ASSIGNMENT:
The task calls for an exact retyping of the lines from the one holding "Tossed triangles are" through the end of the listing, with pictures omitted and nothing added.

DATASET SECTION:
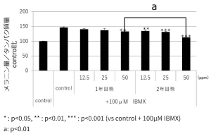 ※メラノーマ細胞にサンプル添加し、数日おいて細胞を回収、メラニン量/タンパク質量を評価
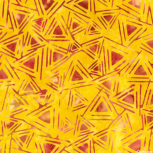 Tossed triangles are depicted in vivid hues within mottled batik textures. Batik, larger triangles are about 2", from the 'Good Vibrations' collection by Nebraska Quilt Company for Riley Blake Designs.
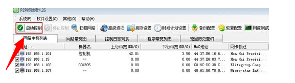 6、最后點擊“啟動控制”按鈕,則所有被勾選的計算機網速將會受到限制。如果需要停止控制其它計算機的網速的時候,只需要點擊一下“停止控制”即可。

RESULT OF THE TASK:
 Tossed triangles are depicted in vivid hues within mottled batik textures. Batik, larger triangles are about 2", from the 'Good Vibrations' collection by Nebraska Quilt Company for Riley Blake Designs.
 6、最后點擊“啟動控制”按鈕,則所有被勾選的計算機網速將會受到限制。如果需要停止控制其它計算機的網速的時候,只需要點擊一下“停止控制”即可。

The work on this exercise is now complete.